Green Space: Raising the Green Roof

March 26, 2008
Written by Michelle Brisebois
Green roof trend is looking up
Garden centres are no doubt used to working with landscape architects and designers and maybe even contractors but it appears as though there’s another strategic alliance wemerging – this time with roofers. Green roofs are shaping up to be a long-term trend and one that promises to be huge for the gardening industry. Crazes and fads are short-lived events. Think pet rocks and mood rings. Trends are longer-term shifts in consumer behaviour and you can pretty much identify a trend with staying power when it’s propelled by several different factors. Green roofs are being driven by three strong forces; primarily the environment, with the economy and buying local running a close second and third.

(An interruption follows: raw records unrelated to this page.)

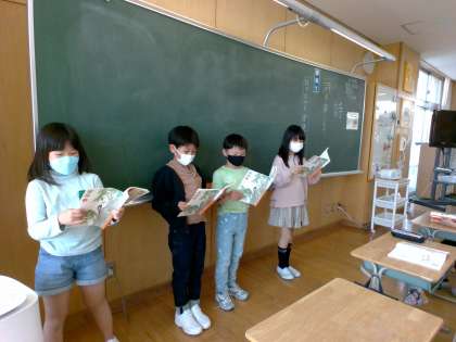 国語科の学習では、詩「どきん」をグループで音読しました。言葉のリズムを楽しみながら音読しています。
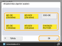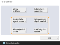 Kui määrate funktsiooni <Vormindamise krüpteerimise meetodiks FIPS 140> olekuks <Sees>, saate kasutada USA valitsuse heakskiidetud standardile FIPS (Federal Information Processing Standards) 140-2 vastavat TLS-sidekrüptimismeetodit. <Vormindamise krüpteerimise meetodiks FIPS 140>
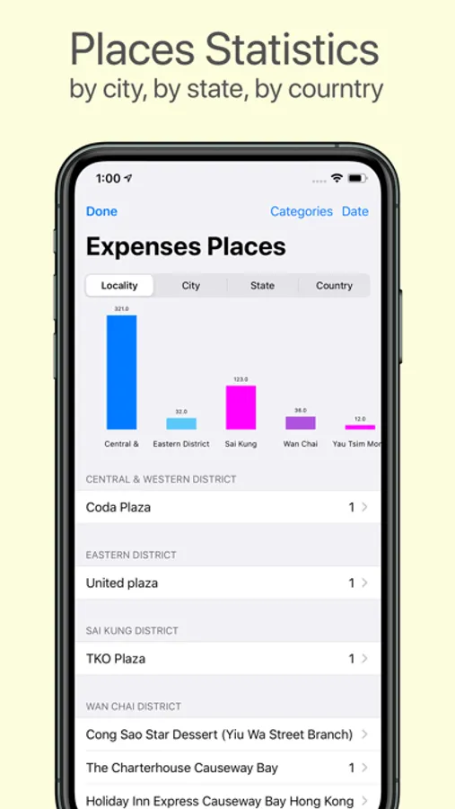 Less input does not mean that there are fewer functions. The powerful statistical function is the purpose of your accounting. Whether it's statistics by date, by category, or by location unique to Here's bookkeeping, you can switch between dates, locations, and categories. Clearly count when, why and where your money was spent.
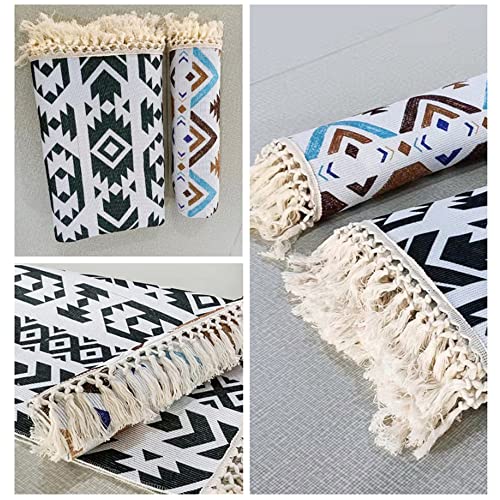Treer Quadrato Tappeto in Cotone Tessuto a Mano con Nappe, Boho Tappeti Moquette Cotone Lavabile Tappetino per Cameretta Bagno Cucina, Home Decorazione Tappeti (Stelle Blu,90 * 180CM)
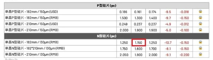n-182硅片:1.15~1.25元/片,均價1.25元/片,一周跌幅10.7%;
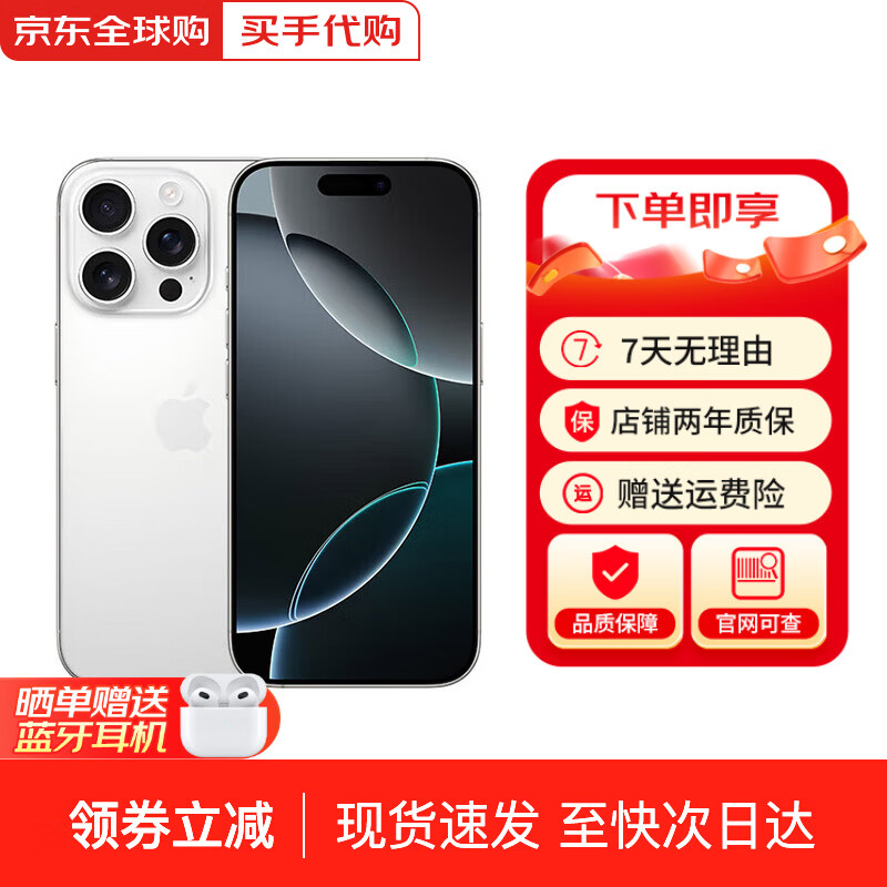 Apple【限时补贴】Apple iphone16promax手机 16pro系列全网通5G手机 苹果16promax白色钛金属 256G【配件礼包+店保2年】
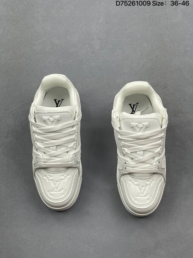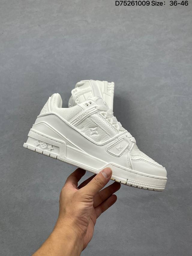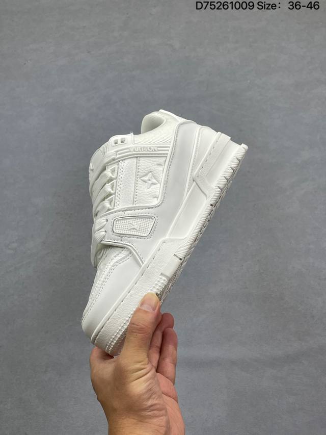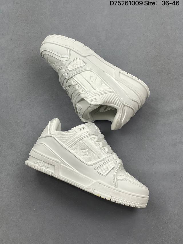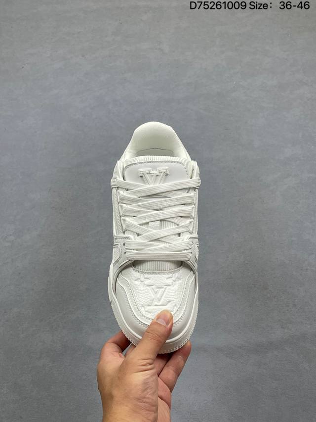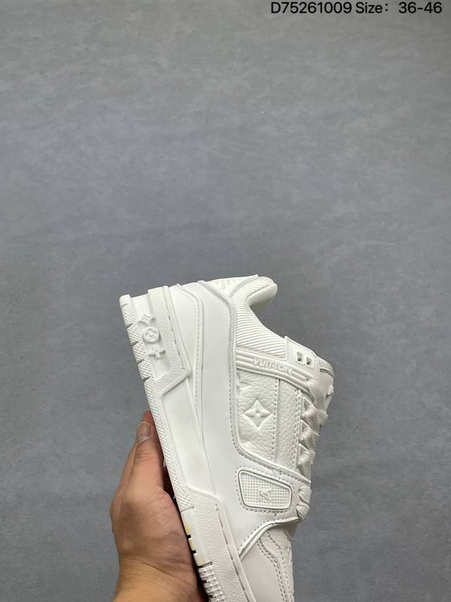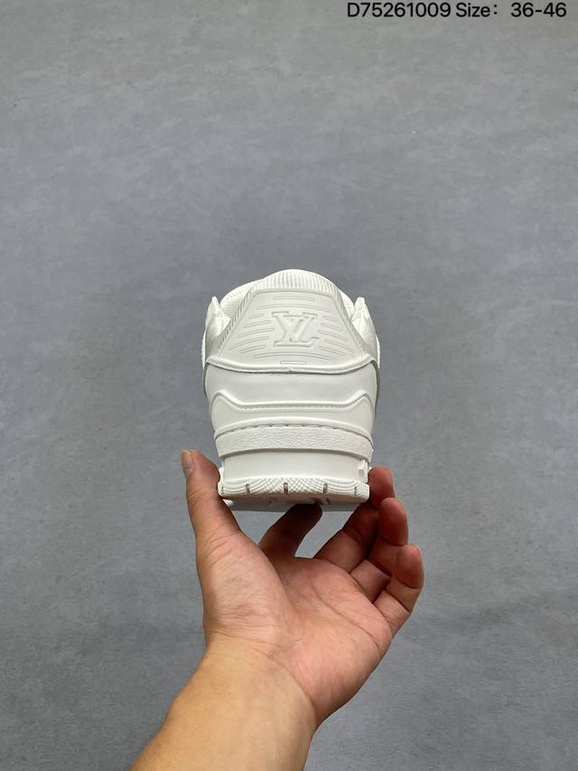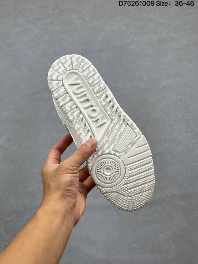 Louis Vuitton Lv Trainer sneakers, latest colorway, basketball style sneakers. Designed by Artistic Director Virgil Abloh, these shoes feature a microfiber insole and breathable British mesh details, matching the original. Size: 36-45 (as shown in picture). D7526 9

All of these factors have intertwined to create the perfect situation for green roofs to gain momentum. They’re cost effective, good for the environment and good for us. This is one trend that is definitely over our heads.

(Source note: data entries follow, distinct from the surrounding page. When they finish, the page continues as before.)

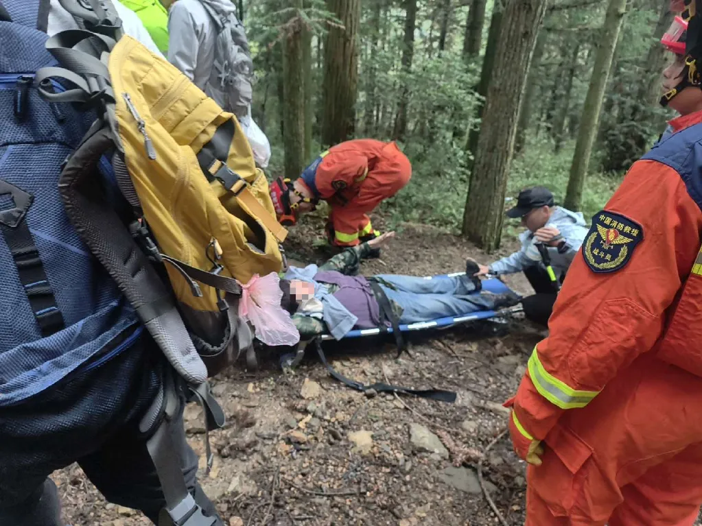 消防员到场后,成功将受伤女子转移至山下安全区域,并移交给现场医护人员送医救治。
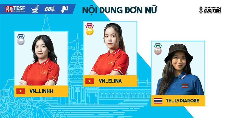 Chỉ sau đó không lâu, Lê Thị Hoài Phương "Elina" tạo ra sự vượt trội hoàn toàn trong vòng chung kết nội dung đơn nữ Esports môn Audition - nội dung đơn nữ để giành về tấm HCV cho Đoàn TTVN tại SEA Games 33. Tô Ý Linh cũng xuất sắc giành HCB.
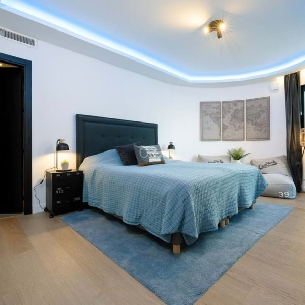 Na drugim piętrze znajdują się dwie piękne sypialnie, obie z łazienką, z których jedna to duża główna sypialnia z widokiem na morze i garderobą.
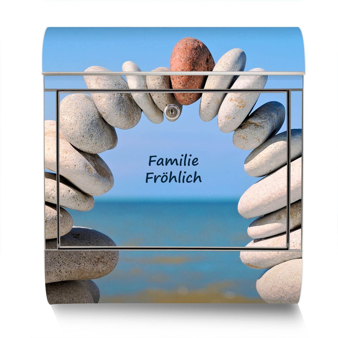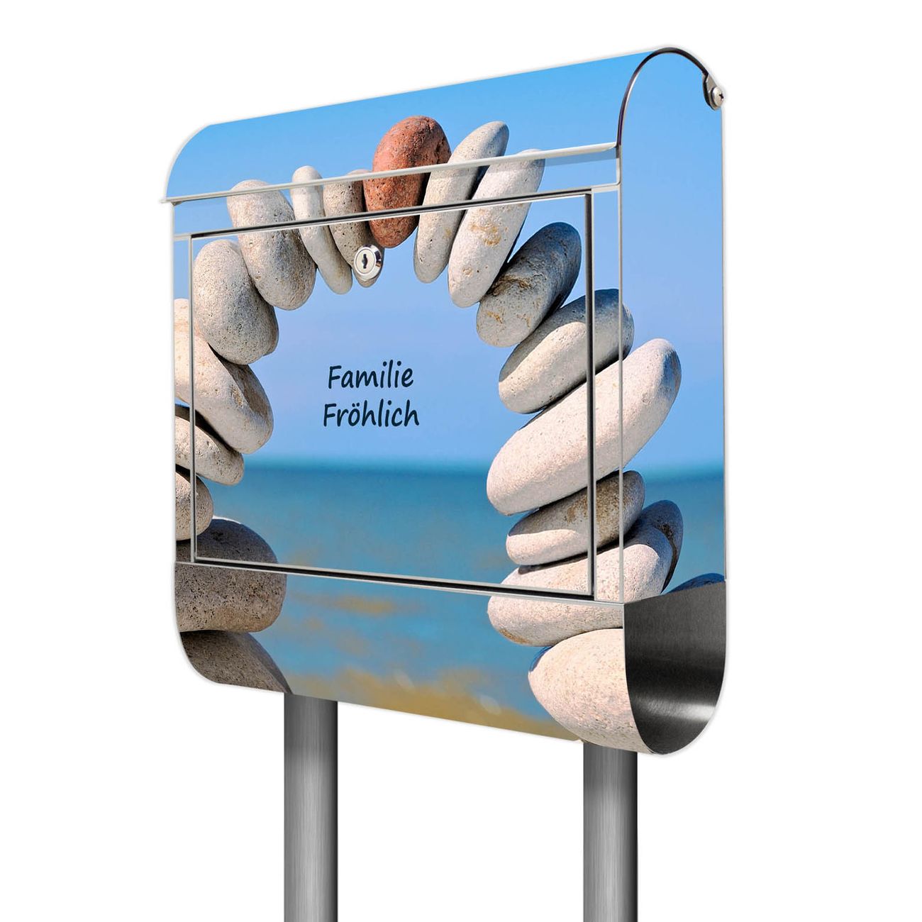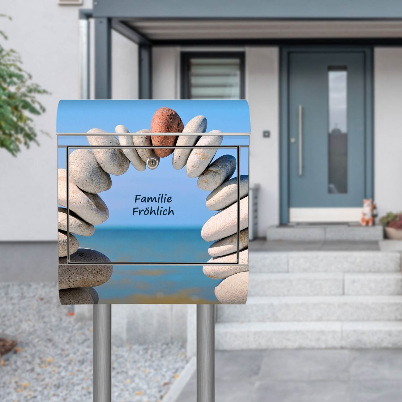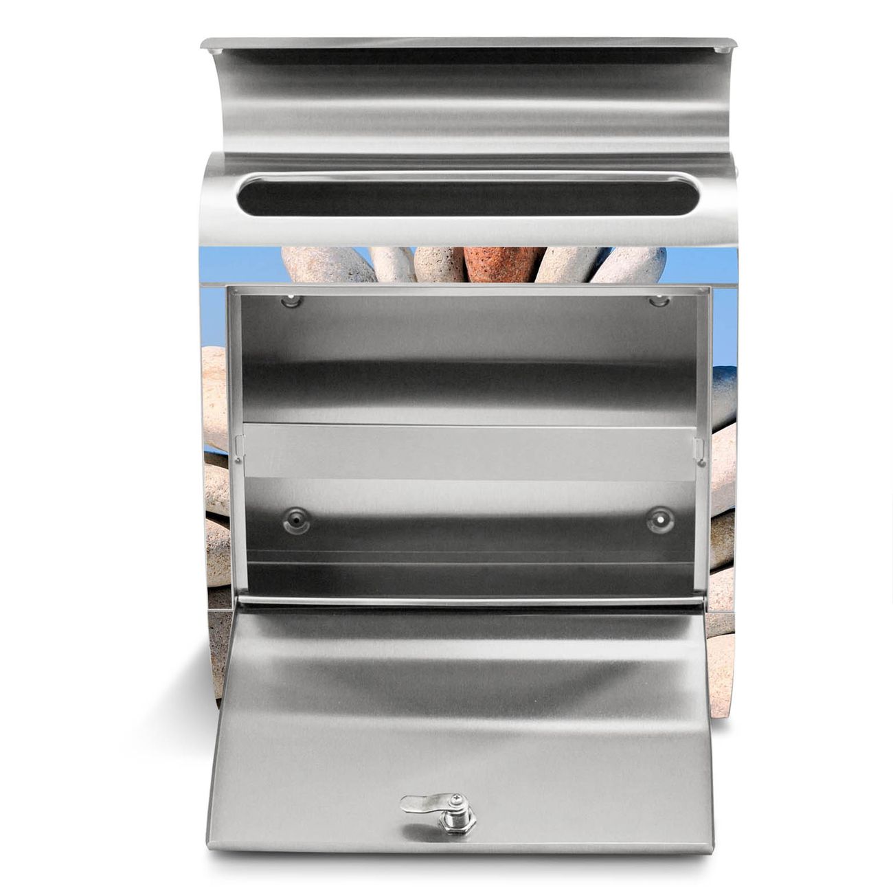 Der banjado Edelstahl Standbriefkasten mit Motiv Steine&Meer und eigenem Wunschtext bietet Ihnen mit seinem Fassungsvermögen genügend Platz auch für große A4 Sendungen. Das integrierte Zeitungsfach eignet sich hervorragend, um unkompliziert die Tageszeitung zu fassen.

Green roofs have been with us since Nebuchadnezzar II built the Hanging Gardens of Babylon around 600 BC. Legend has it he built them as a gift to his wife, who missed the trees and fragrant plants of her homeland. Green roofs are not the same thing as roof gardens. A few containers of marigolds on a roof might be called a garden with it primarily functioning as visual interest. Green roofs are densely planted areas of low-maintenance grasses, mosses or succulents. Green roofs are primarily used to insulate the building, slow water runoff and generate healthy air.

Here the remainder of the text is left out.